In the listing below, find the line containing "Precioso vestido rojo" and the line containing "Symptom Troubleshooting Chart", then copy exactly everything from the first through the second, except the pictures.

Records for the task below:

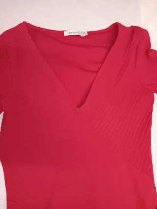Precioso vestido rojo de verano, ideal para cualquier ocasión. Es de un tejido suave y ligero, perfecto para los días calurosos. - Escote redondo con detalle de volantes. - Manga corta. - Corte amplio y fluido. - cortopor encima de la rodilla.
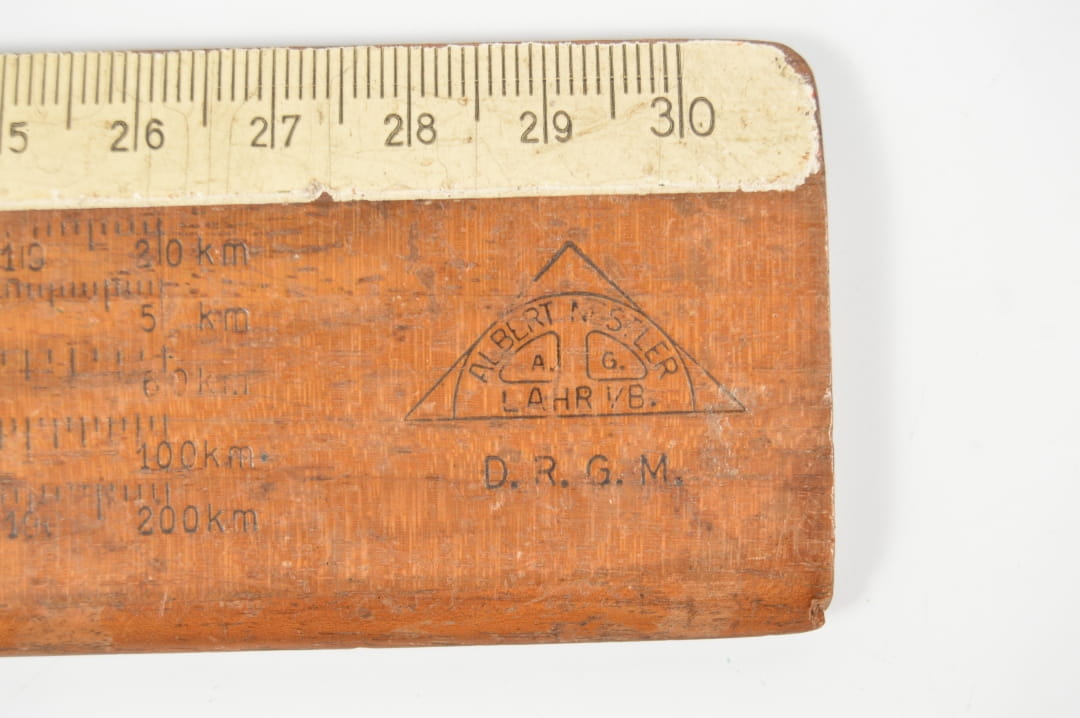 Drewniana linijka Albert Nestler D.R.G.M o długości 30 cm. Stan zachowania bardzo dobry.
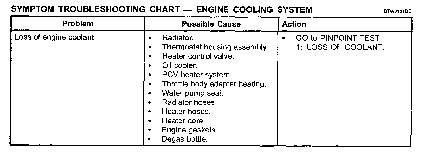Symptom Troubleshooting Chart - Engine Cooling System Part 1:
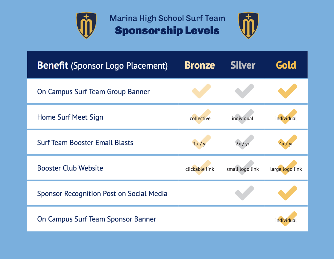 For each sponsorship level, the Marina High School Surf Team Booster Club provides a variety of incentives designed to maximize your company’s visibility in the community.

End of Records for the task.
Records for the task below:

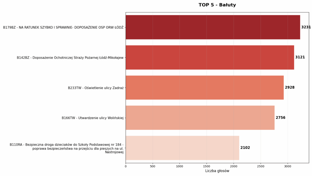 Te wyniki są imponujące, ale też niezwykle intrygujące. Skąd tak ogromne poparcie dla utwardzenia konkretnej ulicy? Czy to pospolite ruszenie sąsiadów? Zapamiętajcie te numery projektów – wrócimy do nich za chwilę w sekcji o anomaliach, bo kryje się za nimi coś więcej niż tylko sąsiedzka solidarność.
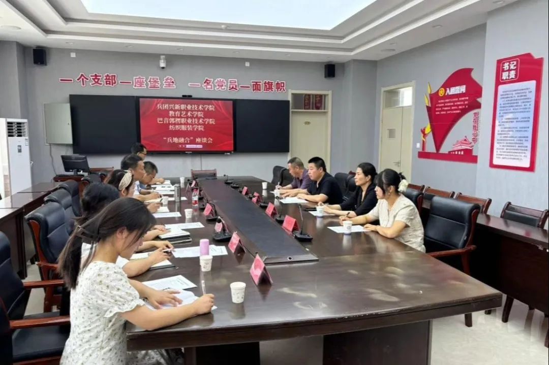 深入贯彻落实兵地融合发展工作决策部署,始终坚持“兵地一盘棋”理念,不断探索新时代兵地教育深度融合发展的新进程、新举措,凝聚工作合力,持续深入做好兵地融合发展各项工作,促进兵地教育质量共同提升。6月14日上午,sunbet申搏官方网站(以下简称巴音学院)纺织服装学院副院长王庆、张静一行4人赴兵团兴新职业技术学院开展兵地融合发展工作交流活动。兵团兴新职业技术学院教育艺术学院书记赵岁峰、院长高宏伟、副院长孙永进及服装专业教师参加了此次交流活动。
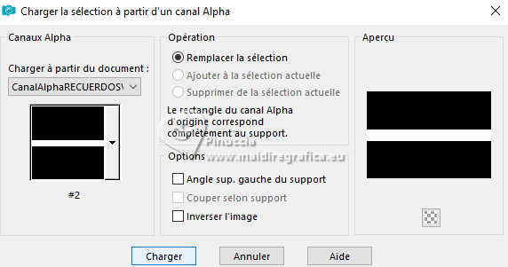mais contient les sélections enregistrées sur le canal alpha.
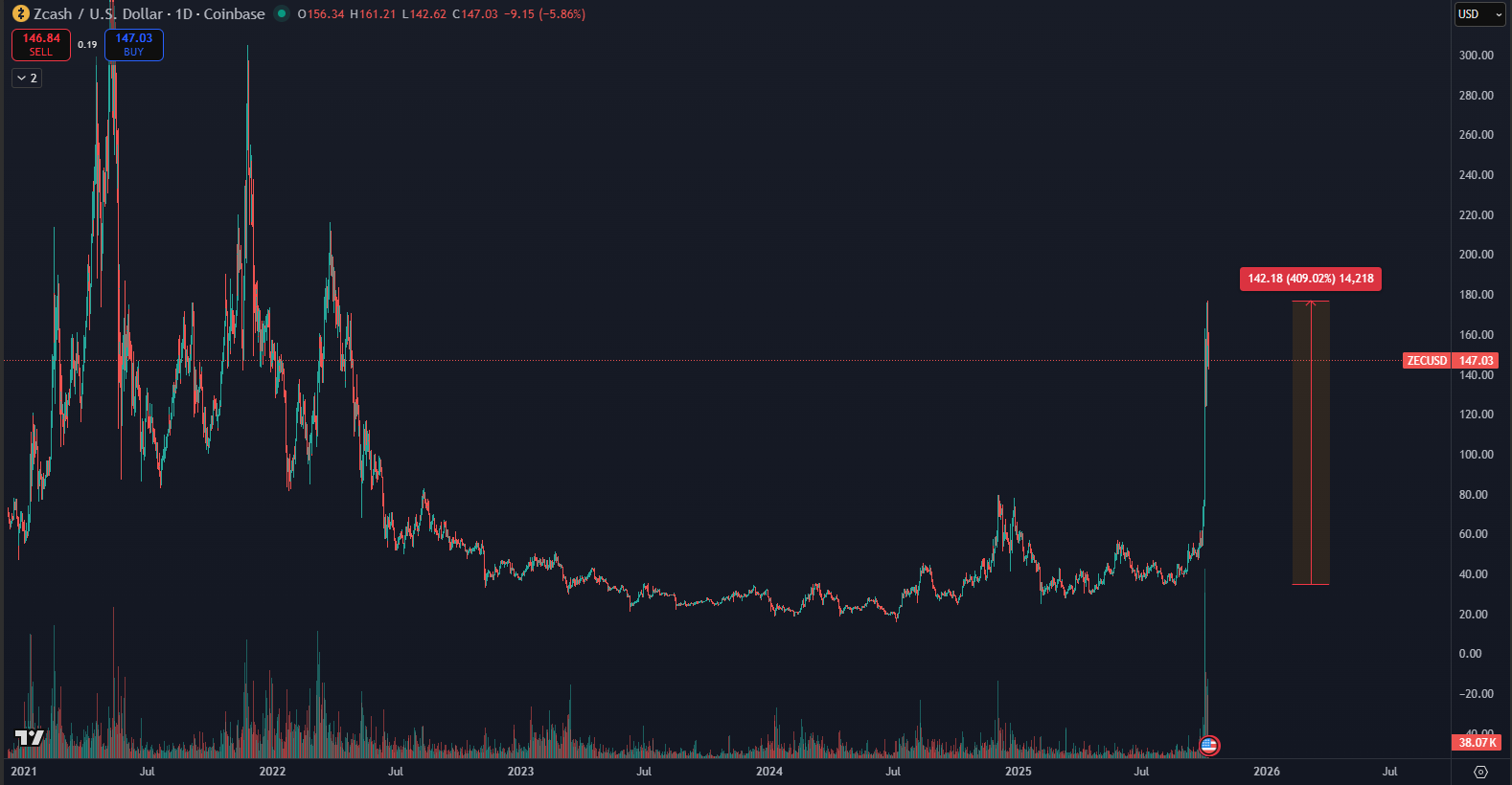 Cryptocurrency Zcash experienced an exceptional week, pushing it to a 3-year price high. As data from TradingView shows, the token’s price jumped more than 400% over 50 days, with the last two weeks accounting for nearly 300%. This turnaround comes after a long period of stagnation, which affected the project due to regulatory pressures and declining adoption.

End of Records for the task.
Records for the task below:

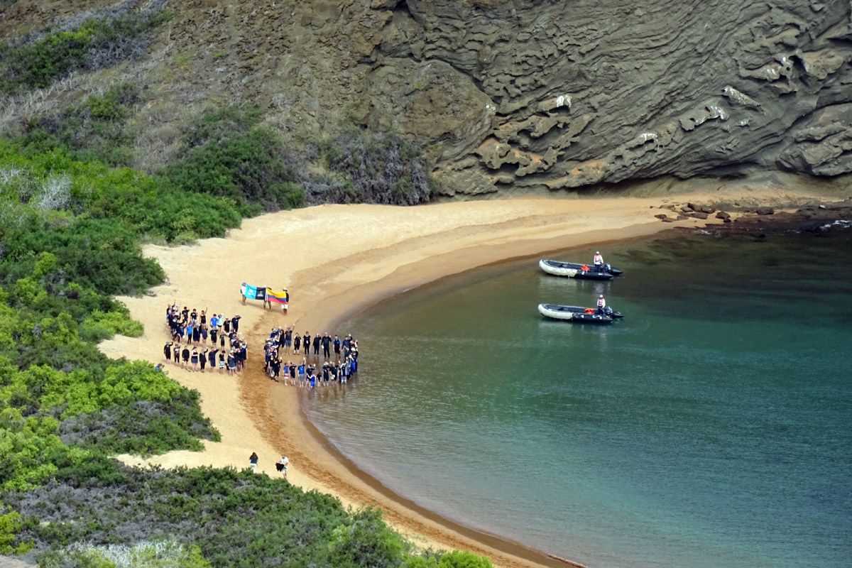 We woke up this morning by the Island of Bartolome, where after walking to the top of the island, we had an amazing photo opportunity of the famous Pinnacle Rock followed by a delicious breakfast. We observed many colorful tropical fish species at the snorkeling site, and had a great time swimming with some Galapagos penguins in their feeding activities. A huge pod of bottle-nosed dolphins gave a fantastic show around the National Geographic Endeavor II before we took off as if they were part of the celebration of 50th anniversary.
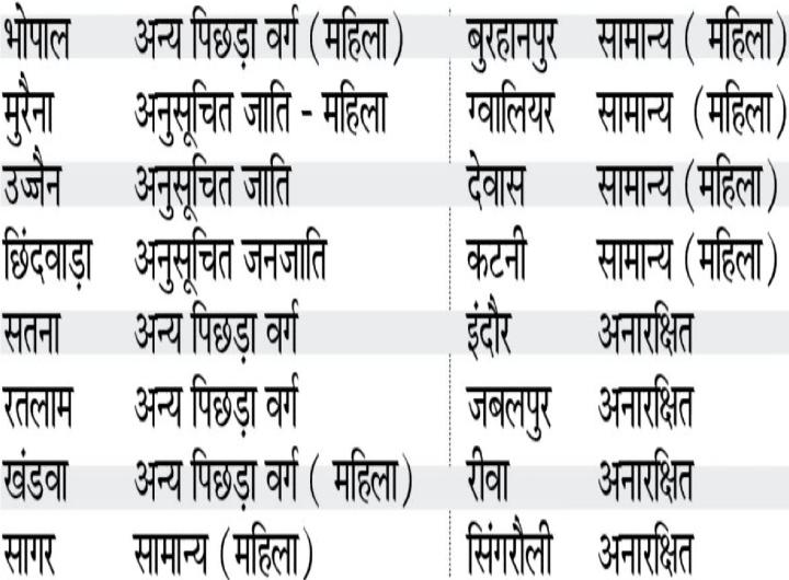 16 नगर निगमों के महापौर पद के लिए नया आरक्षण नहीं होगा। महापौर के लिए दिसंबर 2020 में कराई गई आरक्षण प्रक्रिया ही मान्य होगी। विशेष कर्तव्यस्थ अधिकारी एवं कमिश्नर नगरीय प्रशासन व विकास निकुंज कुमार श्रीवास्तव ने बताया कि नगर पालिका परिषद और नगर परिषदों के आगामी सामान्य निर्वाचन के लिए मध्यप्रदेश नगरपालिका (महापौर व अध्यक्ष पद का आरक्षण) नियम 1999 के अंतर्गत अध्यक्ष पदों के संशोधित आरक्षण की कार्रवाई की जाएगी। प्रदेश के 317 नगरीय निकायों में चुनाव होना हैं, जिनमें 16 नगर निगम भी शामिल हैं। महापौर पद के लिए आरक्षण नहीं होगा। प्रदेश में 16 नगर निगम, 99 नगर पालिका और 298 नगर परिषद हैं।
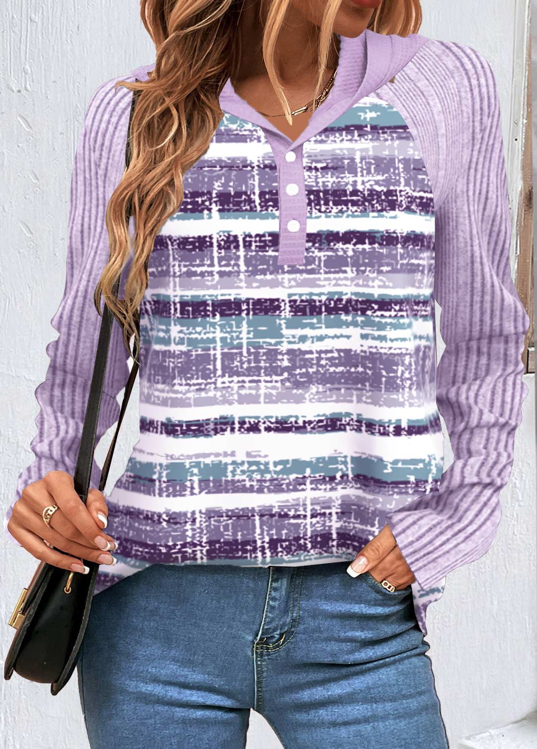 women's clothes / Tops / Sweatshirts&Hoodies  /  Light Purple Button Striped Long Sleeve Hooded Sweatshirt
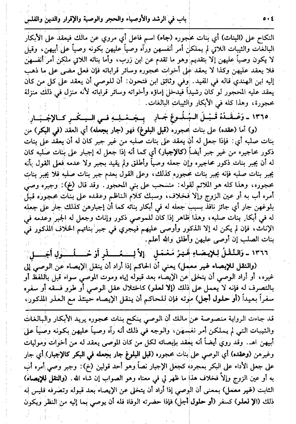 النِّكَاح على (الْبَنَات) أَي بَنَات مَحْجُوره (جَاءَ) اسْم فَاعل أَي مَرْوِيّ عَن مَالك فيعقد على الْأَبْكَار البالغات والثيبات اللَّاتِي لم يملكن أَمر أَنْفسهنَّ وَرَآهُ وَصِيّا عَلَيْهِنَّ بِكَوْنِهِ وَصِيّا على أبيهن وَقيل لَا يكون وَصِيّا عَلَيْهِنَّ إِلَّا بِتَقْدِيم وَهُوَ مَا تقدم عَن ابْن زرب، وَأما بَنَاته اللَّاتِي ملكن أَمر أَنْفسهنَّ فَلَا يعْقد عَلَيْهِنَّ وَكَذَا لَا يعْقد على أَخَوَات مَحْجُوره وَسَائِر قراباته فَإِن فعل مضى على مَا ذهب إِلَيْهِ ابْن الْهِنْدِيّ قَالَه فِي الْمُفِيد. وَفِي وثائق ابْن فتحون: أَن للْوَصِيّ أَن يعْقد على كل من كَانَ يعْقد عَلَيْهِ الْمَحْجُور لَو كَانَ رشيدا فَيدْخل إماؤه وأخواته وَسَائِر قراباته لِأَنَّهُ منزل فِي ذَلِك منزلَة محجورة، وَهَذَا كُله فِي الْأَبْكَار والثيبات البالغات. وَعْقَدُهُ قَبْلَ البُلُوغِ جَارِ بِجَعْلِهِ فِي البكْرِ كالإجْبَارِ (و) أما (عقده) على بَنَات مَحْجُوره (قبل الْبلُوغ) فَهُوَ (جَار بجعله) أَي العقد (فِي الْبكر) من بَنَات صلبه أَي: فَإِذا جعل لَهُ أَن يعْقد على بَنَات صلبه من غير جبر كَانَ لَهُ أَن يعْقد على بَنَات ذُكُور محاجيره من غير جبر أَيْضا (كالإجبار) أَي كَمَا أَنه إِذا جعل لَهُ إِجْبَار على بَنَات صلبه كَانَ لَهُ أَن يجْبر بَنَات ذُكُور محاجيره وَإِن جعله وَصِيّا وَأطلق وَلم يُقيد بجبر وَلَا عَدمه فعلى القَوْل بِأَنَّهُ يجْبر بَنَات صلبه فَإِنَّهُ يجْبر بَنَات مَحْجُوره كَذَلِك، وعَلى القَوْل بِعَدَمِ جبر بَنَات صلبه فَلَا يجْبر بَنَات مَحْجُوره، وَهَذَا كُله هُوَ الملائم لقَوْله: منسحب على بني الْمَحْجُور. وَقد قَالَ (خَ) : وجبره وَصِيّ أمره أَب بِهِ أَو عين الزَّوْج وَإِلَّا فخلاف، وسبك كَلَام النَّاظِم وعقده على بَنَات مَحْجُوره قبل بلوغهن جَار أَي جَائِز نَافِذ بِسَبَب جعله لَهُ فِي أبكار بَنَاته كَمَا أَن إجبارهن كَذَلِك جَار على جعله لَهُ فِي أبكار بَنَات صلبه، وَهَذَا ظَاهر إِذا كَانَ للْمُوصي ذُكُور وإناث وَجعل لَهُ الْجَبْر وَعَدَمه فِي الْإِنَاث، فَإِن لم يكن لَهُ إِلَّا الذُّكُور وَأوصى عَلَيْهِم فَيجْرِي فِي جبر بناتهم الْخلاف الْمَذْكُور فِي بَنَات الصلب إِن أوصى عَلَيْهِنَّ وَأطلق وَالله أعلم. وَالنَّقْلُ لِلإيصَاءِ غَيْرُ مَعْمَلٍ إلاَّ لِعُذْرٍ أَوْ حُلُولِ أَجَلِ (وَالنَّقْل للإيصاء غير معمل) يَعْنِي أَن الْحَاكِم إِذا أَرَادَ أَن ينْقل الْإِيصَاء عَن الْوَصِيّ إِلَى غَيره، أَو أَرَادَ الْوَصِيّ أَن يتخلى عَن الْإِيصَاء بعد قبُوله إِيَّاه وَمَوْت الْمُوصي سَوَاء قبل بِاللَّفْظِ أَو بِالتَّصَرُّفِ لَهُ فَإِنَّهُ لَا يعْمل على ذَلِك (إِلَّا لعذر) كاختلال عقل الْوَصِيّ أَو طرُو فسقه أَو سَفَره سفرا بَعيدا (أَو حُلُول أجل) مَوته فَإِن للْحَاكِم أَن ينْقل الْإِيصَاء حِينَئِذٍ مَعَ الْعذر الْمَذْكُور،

End of Records for the task.

Expected output >>
Precioso vestido rojo de verano, ideal para cualquier ocasión. Es de un tejido suave y ligero, perfecto para los días calurosos. - Escote redondo con detalle de volantes. - Manga corta. - Corte amplio y fluido. - cortopor encima de la rodilla.
 Drewniana linijka Albert Nestler D.R.G.M o długości 30 cm. Stan zachowania bardzo dobry.
Symptom Troubleshooting Chart - Engine Cooling System Part 1:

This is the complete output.